I know my fate. One day there will be associated with my name the recollection of something frightful—of a crisis like no other before on earth, of the profoundest collision of conscience, of a decision evoked against everything that until then had been believed in, demanded, sanctified. I am not a man; I am dynamite.

We can make one of two mistakes with this kind of talk. We can get intensely excited, and reckon, indeed, that Nietzsche is a world-historical phenomenon of practically unbounded significance. Or we can dismiss it all as arrant tripe, the extreme case of what eventually befalls an egomaniacal victim of tertiary syphilis. On the first reaction: it will ever be the tendency of intellectuals to overestimate the import of one of their own. On the second: the sober student of current days and of Nietzsche will scarcely fail to identify his influence as something of great importance.

There may be consolations for religion in Nietzsche’s works, and Kee is right to keep the relevant discussions going. Perhaps the best effect of Nietzsche’s authorship is to shake and to challenge us into resolution. The resolution must be to give an account of the hope that is in us in the light of his writings. We know that the man on the cross did not write, but that he did act, his unphilosophical solitude placed in the service of scum in order to transfuse us with the blood of kings. He will reign when Nietzsche’s words have perished. But Nietzsche’s words have not perished yet, and while it is a case of word against word, we obey the word of Jesus aright when we attend aright to the words of others like Nietzsche, who are human, all too human.

Stephen N. Williams is professor of systematic theology at Union Theological College in Belfast, Northern Ireland. He is the author of Revelation and Reconciliation: A Window on Modernity (Cambridge Univ. Press).

1. A useful study has recently been published by P.Travis Kroeker and Bruce K.Ward, Remembering the End: Dostoevsky as Prophet to Modernity (Westview Press, 2001).
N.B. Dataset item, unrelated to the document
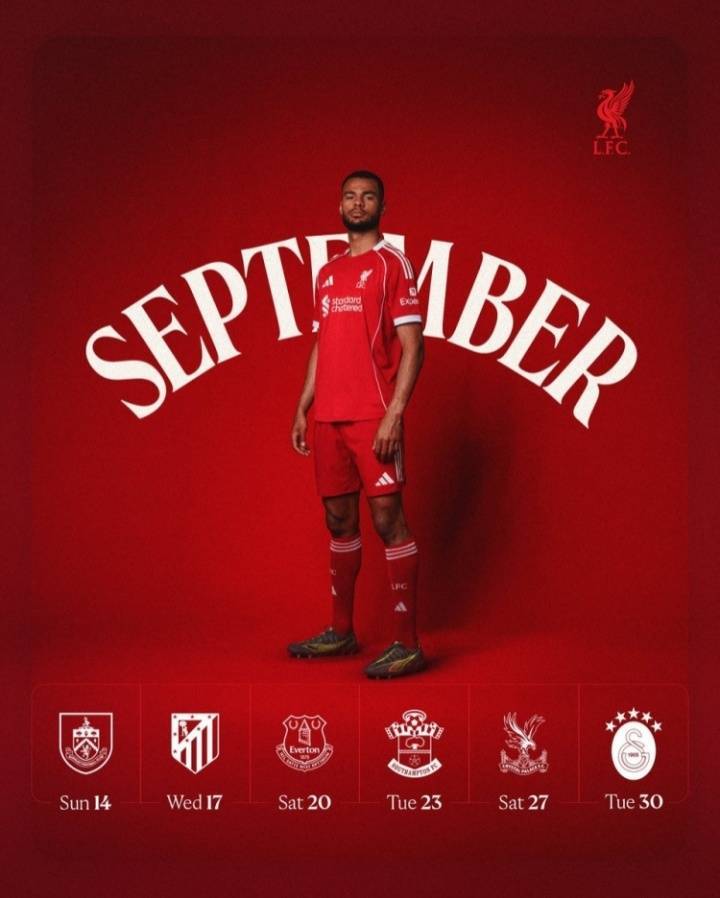 利物浦9月:14日伯恩利、18日马竞、20日埃弗顿、24日南安普顿、27日水晶宫

While I beg to differ a little from these authors on relevant points of emphasis, see the remarks on Dostoevsky and Nietzsche in the concluding chapter on “Christ in the ‘Grand Inquisitor.’ “

2. “It is possible that within the holy disguise and fable of Jesus’ life there lies concealed one of the most painful cases of the martyrdom of knowledge about love.” (“What Is Noble?”, section 269).